While satisfing their curiosities with famous places, it seems most people seek out their own addresses to see their homes as others see them. But I thought of another address, too, one as familiar as the family photo album. 39 Ramsden Street, Barrow-in-Furness, England. The place from where our family tree grew, branched and eventually straddled an ocean. It couldn’t still be there could it, not after 80 years? It was as easy as speaking the address out loud to look it up. To virtually be in the street where my grandmother had played as a child. 



There it was, the little stone rowhouse from whose rooftop my family watched Hailey’s comet streak across the sky in 1910 (my Gram fell asleep).  I knew without even going back to find our last photo of it from 1937 that this was it, different but the same.
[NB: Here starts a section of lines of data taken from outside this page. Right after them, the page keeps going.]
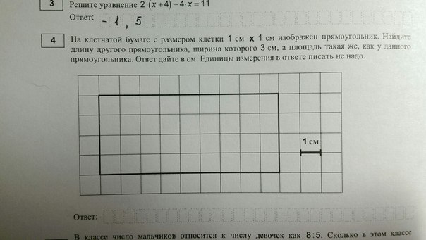 На клетчатой бумаге с размером клетки 1см на 1см изображен прямоугольник.Найдите длину другого прямоугольника,ширина которого 3 см, а площадь такая же,как у данного прямоугольника. Ответ дайте в см.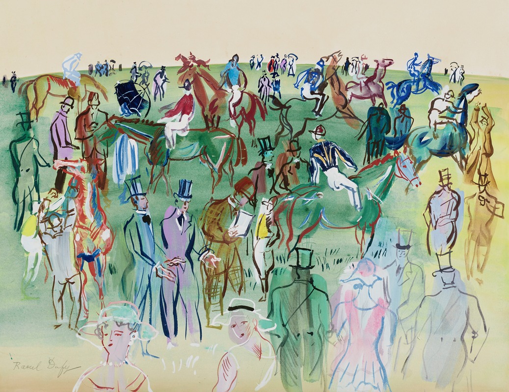 Raoul Dufy (1877–1953) was a French Fauvist painter known for his colorful and decorative style, which often depicted leisure activities and scenes of social life. One of his works, "La Pelouse," exemplifies his vibrant approach to capturing the essence of outdoor leisure scenes.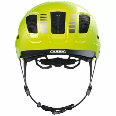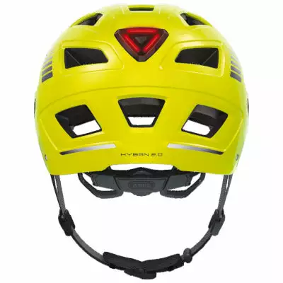 - Version avec éclairages avant et arrière : le casque vélo lumineux Abus Hyban 2.0 LED jaune fluo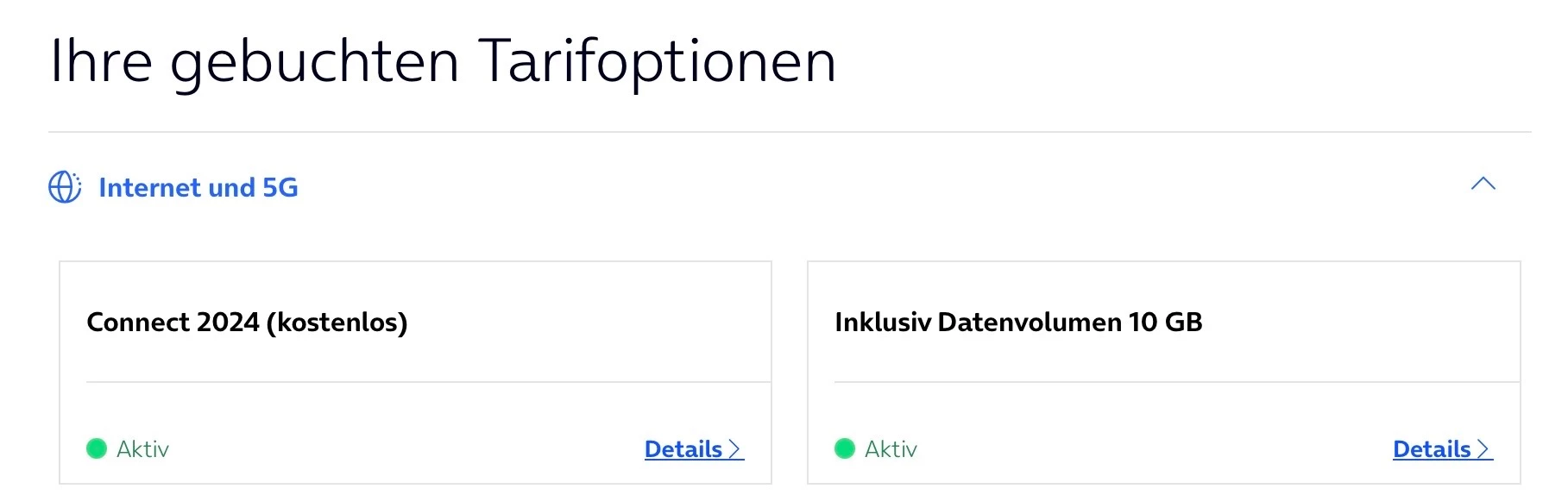 Einsehen kannst du dies im Kundenportal oder in der App. Schau dort unter „Tarif & SIM-Karte“ und dann bei „Ihre gebuchten Optionen“. Dort sollte die Connect-Option ersichtlich sein, sofern sie in deinem Tarif inklusive ist 🙂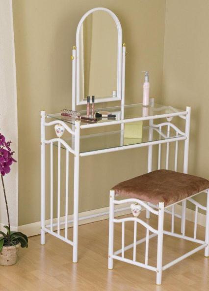 Wo es weniger Tische aus Metall gibt. Sie können geschmiedet oder aus hohlen Metallrohren hergestellt werden, die unter der Stoffpolsterung verborgen sind. Platzieren Sie in diesem Fall keinen Tisch im Badezimmer - diese Modelle sind speziell für Schlafzimmer oder Umkleidekabinen konzipiert.
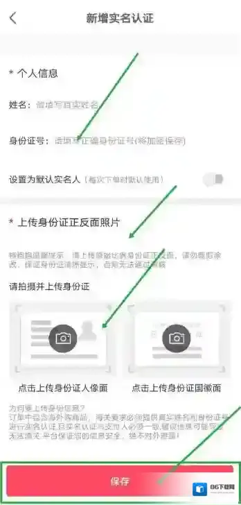 5、点击新增,输入真实姓名和身份证号码,上传身份证正反两面等信息后,点击“保存”
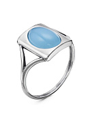 Кольцо бижутерия, покрытие - серебрение с оксидированием, вставка - искусственный агат голубой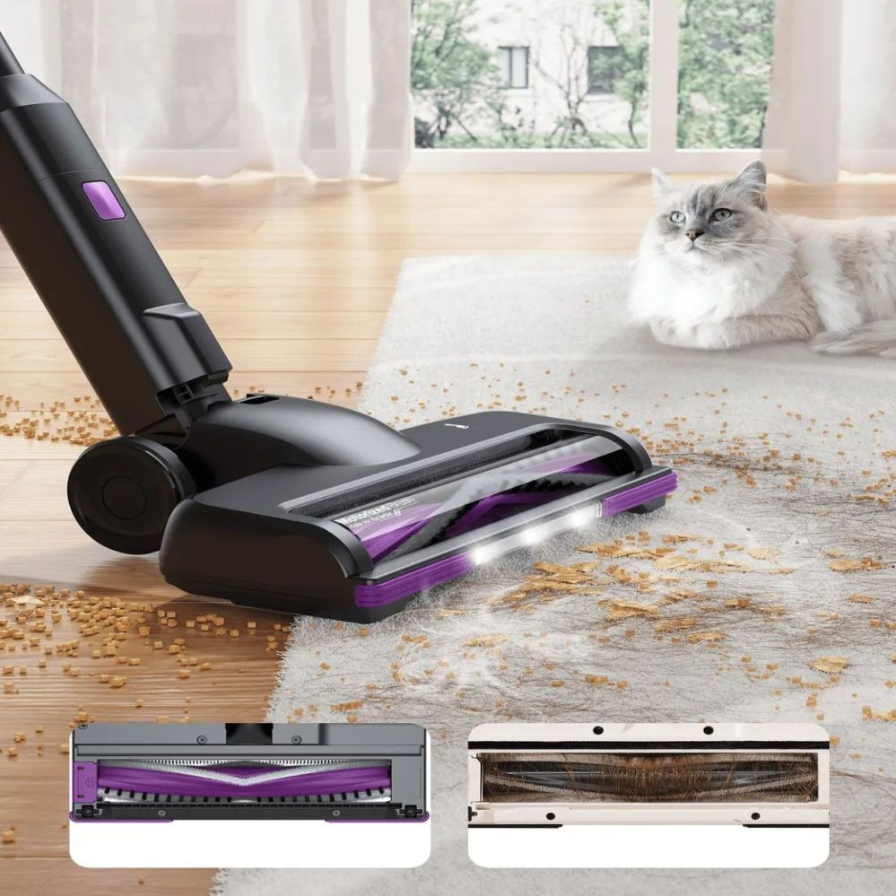- Efektīva tīrīšana tumsā un bez matu murskuļiem: LED apgaismojums uz grīdas uzgaļa izgaismo tumšos stūrus, savukārt pretaptīšanās tehnoloģija samazina rūpes par matu tīrīšanu no birstes.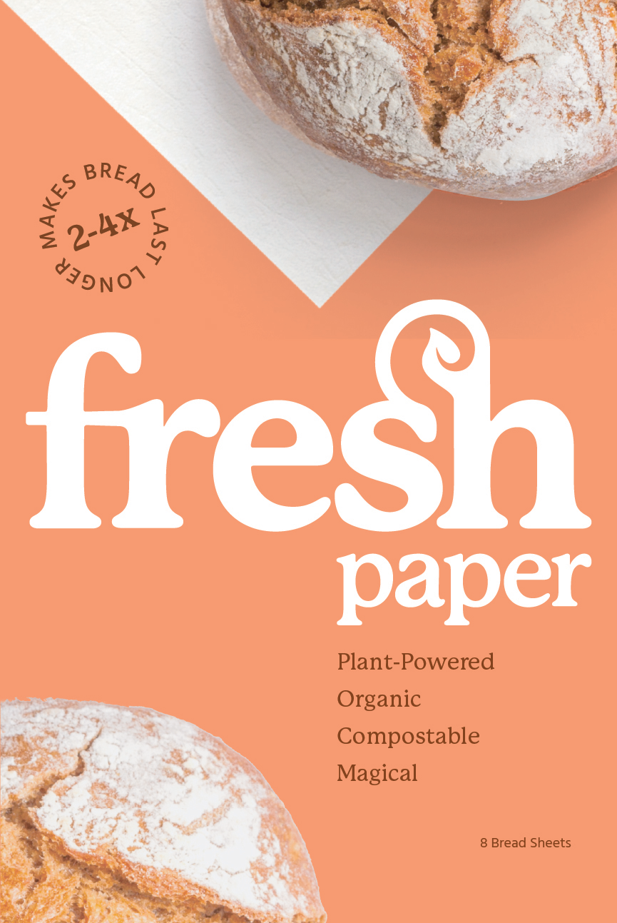 FRESHPAPER Food-Saver Sheets for Baked Goods keep fresh breads and bakery items fresh 2-4x longer. Completely natural product helps save money and reduce food waste. Each Pack contains 8 reusable sheets. Recyclable, Compostable, BPA -free, plastic-free, made with organic botanicals, made in the USA. Just add a sheet anywhere fresh bread, bagels, muffins, cookies or any other fresh bakery item is stored.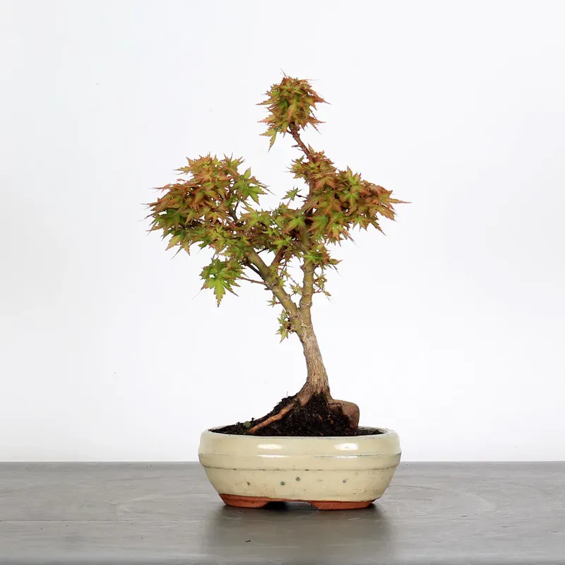 L’érable Koto Hime, Acer Palmatum Koto Himé a la particularité de faire naturellement des petites feuilles, ce qui en fait une excellente variété à cultiver en bonsaï. Nous le cultivons en pleine terre depuis des années pour vous proposer des sujets de qualité et de belles tailles.

It was as if one could turn a corner and be transported in time. 




I couldn’t see into the back garden but I knew what it would be like, a little dooryard with a stone fence.  

I couldn’t resist exploring further, turning corners and following streets at random. Here was the town’s hall still just as proud a landmark. Yes, just like our last photo of it.





And there was the church where my Great Uncle John had been one of the “Saint George’s Boys.” 






Second kid down on the left at the end. (He grew up to be the engineer who designed the steering-wheel-linked headlight that still can be seen in use on the cop cars that careen through the noir of old gangster movies.)


Across the square from the church was the “Railwaymen’s Club” at the station where my Great Grandfather Aaron proudly received an award for his service on the line. 

This sailor from a tall ship came across a lady in distress whose carriage had broken an axle on a country road. 





He never went to sea again and they lived on Ramsden Street the rest of their lives together. The kind gentleman made a family with her and became the kindest, most loving, of fathers. It was the photographer by the way who gave him the two left feet pictured below.


Before the youngest children had grown, the eldest daughters became maids, then housekeepers at Edwardian houses not unlike those of “Downton Abby” fame. They helped to support the household, coming home only rarely for holidays. How my Grandmother Sevena (so named because she was the seventh daughter of a seventh son, seated above on her father's lap) missed her big sisters. 



Those sisters would never all reunite again under the same roof, not until all of them had made their own homes and families in the new world. My world across the sea.